Starting with our Japan segment. Total earned premium for the quarter declined 3.8%, reflecting the impact of first sector policies reaching paid up status, while earned premium for our third sector products was down 2.3% due to recent lower sales volumes. Japan's total benefit ratio came in at 66.9% for the quarter, down 290 basis points year-over-year, and the third sector benefit ratio was 56.5%, down 305 basis points year-over-year. We experienced a slightly higher than normal IBNR release in our third sector block as experience continues to come in favorable relative to initial reserving. This quarter, the IBNR release was primarily due to pandemic conditions constraining utilization since second quarter of 2020 and year-to-date.
Although claims activity have begun to rebound, it remains below longer term normalized levels. Our claim reporting lags require up to a year to mature the data, and now with more than a year's worth of pandemic data, our estimates are more refined, which has led to increased IBNR releases. Persistency was down 10 basis points, yet remains strong at 94.7%.
Our adjusted expense ratio in Japan was 20.8%, up 80 basis points year-over-year. We continue our technology-related investments to convert Aflac Japan to a paperless company, which also includes higher system maintenance expenses. Additional telework expenses also added to the higher expense ratio in the quarter. Adjusted net investment income increased 27.4% in yen terms, primarily driven by favorable returns on our growing alternatives portfolio and lower hedge costs, partially offset by lower reinvestment yield on our fixed rate portfolio.
The pretax margin for Japan in the quarter was 26.5%, up 450 basis points year-over-year, which was a very favorable result for the quarter. This quarters strong financial results leads us to expect the full-year benefit ratio for Japan to be at the lower end of the three-year guidance range of 68.5% to 71% given at FAB and the pretax margin to be at the higher end of the 20.5% to 22.5% range.
Turning to U.S. results. Net earned premium was down 3.4% due to weaker sales results. Persistency improved 180 basis points to 80.1%, 63 basis points of the elevated persistency in both the second quarter of this year and the prior year can be explained by emergency orders.

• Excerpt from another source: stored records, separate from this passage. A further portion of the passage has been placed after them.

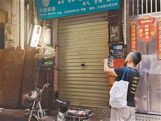 ■陈洲拍照记录三元里村的“房屋出租”灯牌。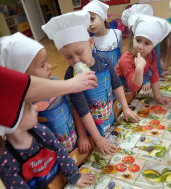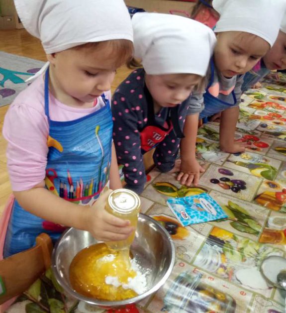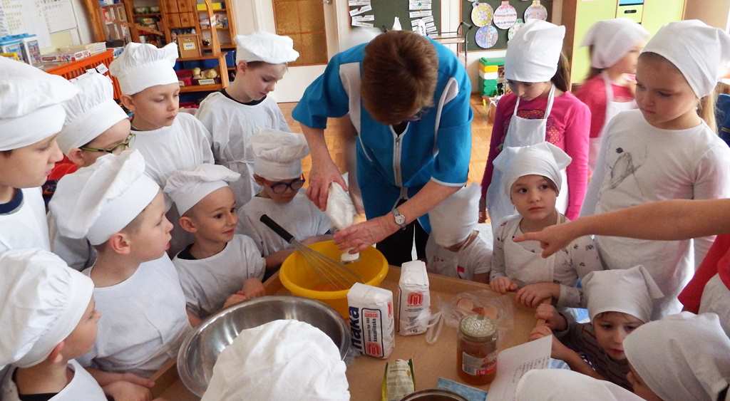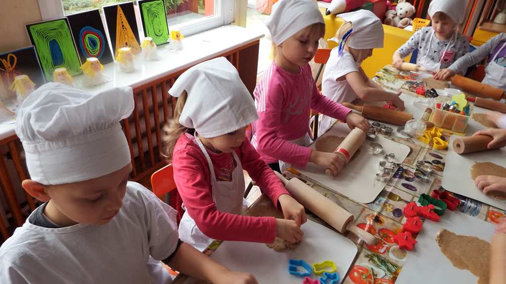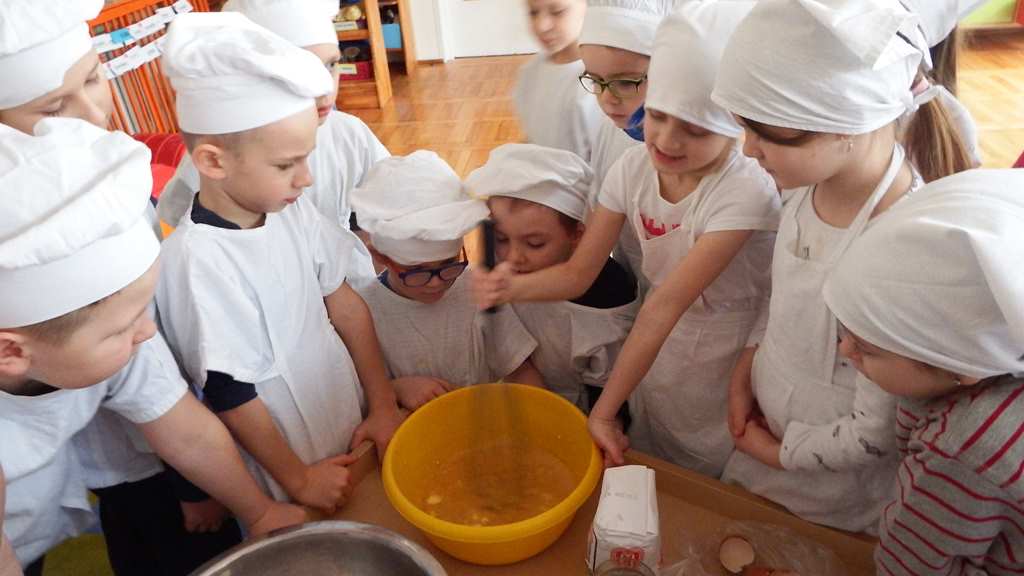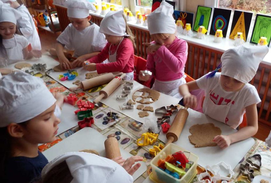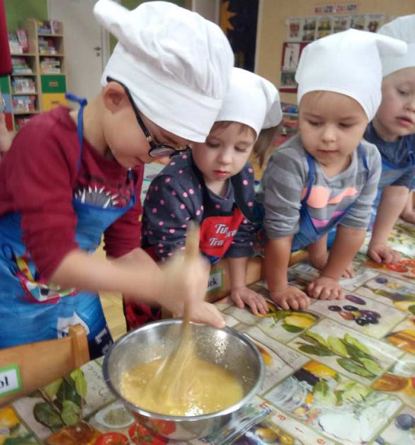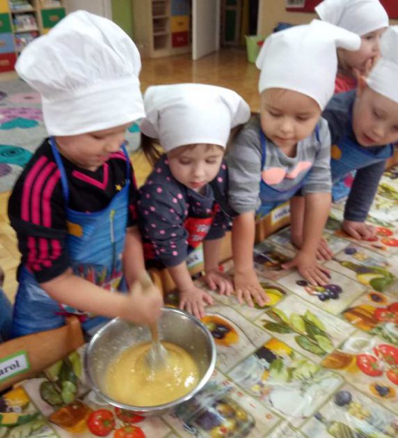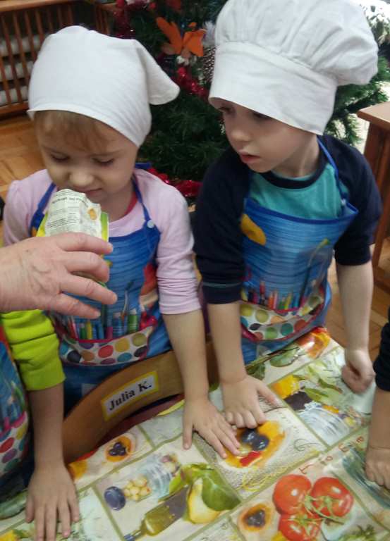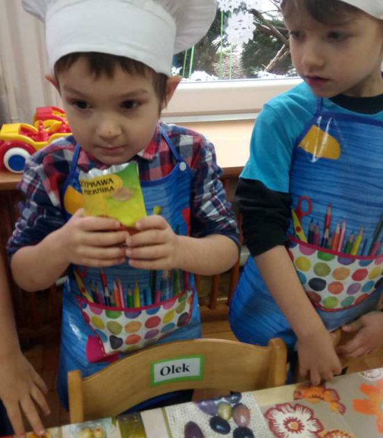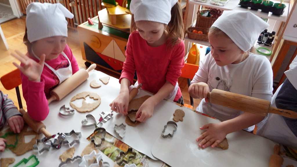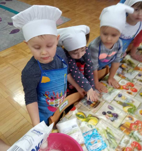 … a wraz z nimi czas na świąteczne wypieki. 4 – latki i starszaki próbowały swoich sił kulinarnych podczas pieczenia ciasteczek piernikowych. Poznały podstawowe składniki, sposoby odmierzania produktów i zapachy, które zawsze będą kojarzyły się ze świętami… przyprawa do pierników: cynamon, goździki, imbir, gałka muszkatołowa, kardamon.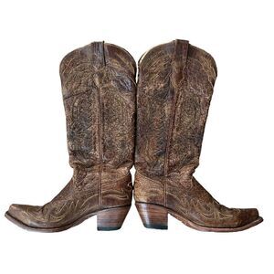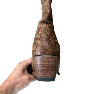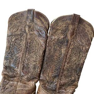 CORRAL LADIES VINTAGE BROWN ON BROWN TALL EAGLE OVERLAY BOOTS R2295 SZ 7.5 M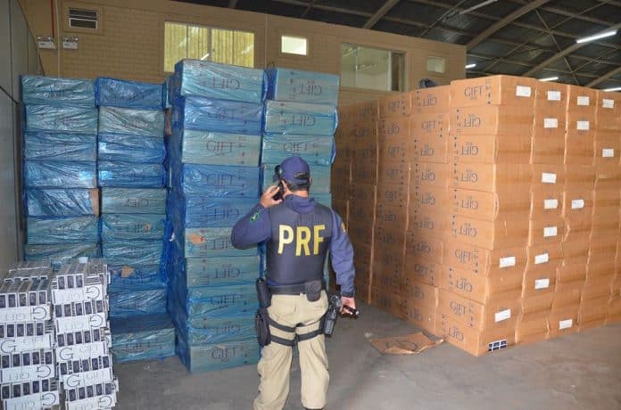 Policiais rodoviários federais descobriram neste sábado, 18, em São José, na Grande Florianópolis, um grande centro de distribuição de cigarros contrabandeados. Dentro de um depósito alugado, no bairro Barreiros, foram encontradas aproximadamente 3 mil caixas, ou cerca de um milhão e 500 mil maços de cigarros paraguaios. Essa quantidade equivale a três carretas totalmente carregadas com o produto. A mercadoria apreendida está avaliada em mais de R$ 7 milhões. Cinco homens foram presos e duas carretas roubadas foram apreendidas.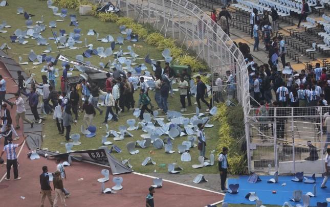 Messinin gedişindən sonra azarkeşlər şüşə və stullar atmağa, hətta maneələri sındırmağa başlayıblar.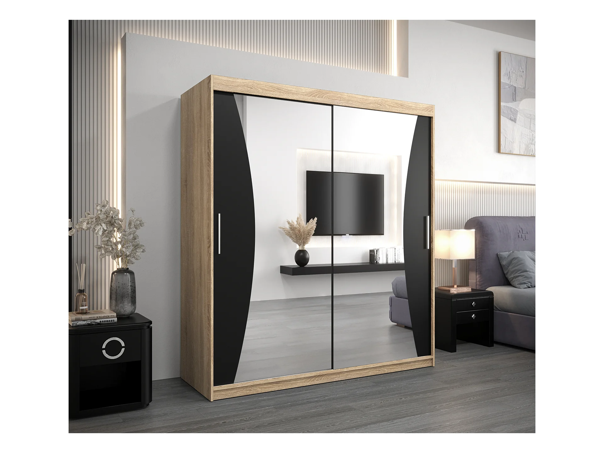 SCHWEBETÜRENSCHRANK MONACO 200/180/62 2-türig (Sonoma/Schwarz)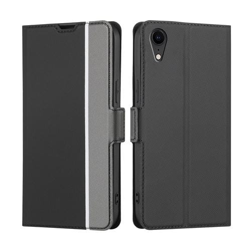 Funda para iPhone Xr Twill Texture Side Button Leather Phone Case (Negro)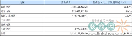 闽南地区作为新华都的业务重心,主营业务收入占到总额的55.14%,新华都仍将通过持续渗透发展,不断强化其优势地位。闽东地区作为公司的发展重心,收入占比29.43%,随着2012年的继续发展,将有望持续、稳步增长。闽西、北地区报告期收入占比15.15%,发展态势良好。 江浙地区:本期新设2家门店,收入占比为0.28%,新华都将着力做好新区域的市场拓展。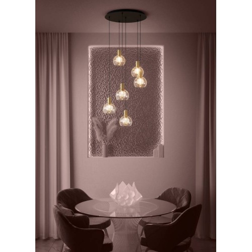 Lustră TERQUE 390279, Ø540 mm, LED, 6X5,4W, 3000K, IP20, oțel, sticlă transparentă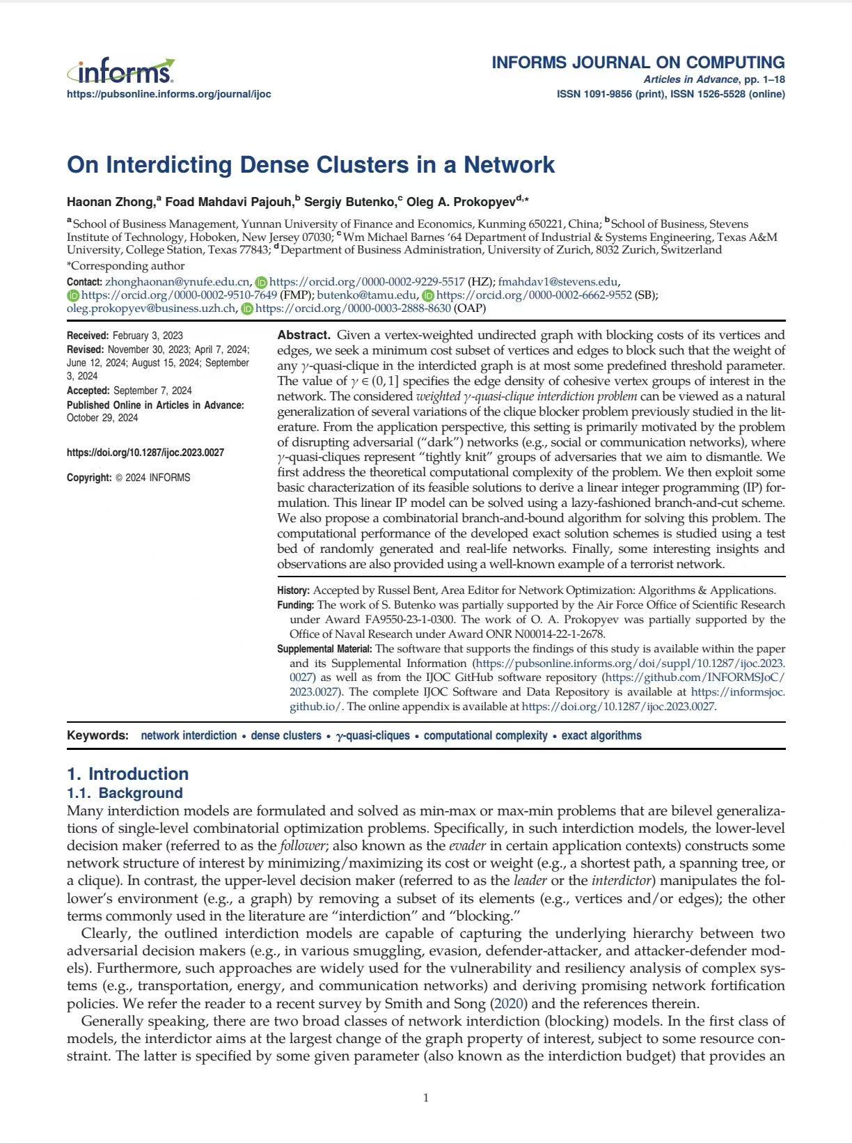 近日,beat365商学院钟昊男博士以第一作者身份在UTD24期刊《INFORMS Journal On Computing》在线发表论文“On Interdicting Dense Clusters in a Network”,这是beat365历史上首次以第一完成单位在UTD24期刊上发表论文,实现了UTD24期刊零的突破!

So there was no net impact for the quarter year-over-year. 80 basis points of improved persistency in the quarter is attributed to lower sales as first year lapse rates are roughly twice total in-force lapse rates. Another 30 basis points of improved persistency is due to conservation efforts and the remainder largely comes from improved experience.
Our total benefit ratio came in lower than expected at 43.5% or 80 basis points lower than Q2 2020, which itself was heavily impacted by the initial pandemic. Lower claims utilization impact our estimates for incurred claims as data matures over the course of a year. As our data matures, we increase our reliance on raw data and with a year of pandemic data behind us, we reduced our IBNR to reflect the lower utilization. This quarter, IBNR releases amounted to 5.6 percentage points impact on the benefit ratio, which leaves an underlying benefit ratio, excluding IBNR releases of 49.1%.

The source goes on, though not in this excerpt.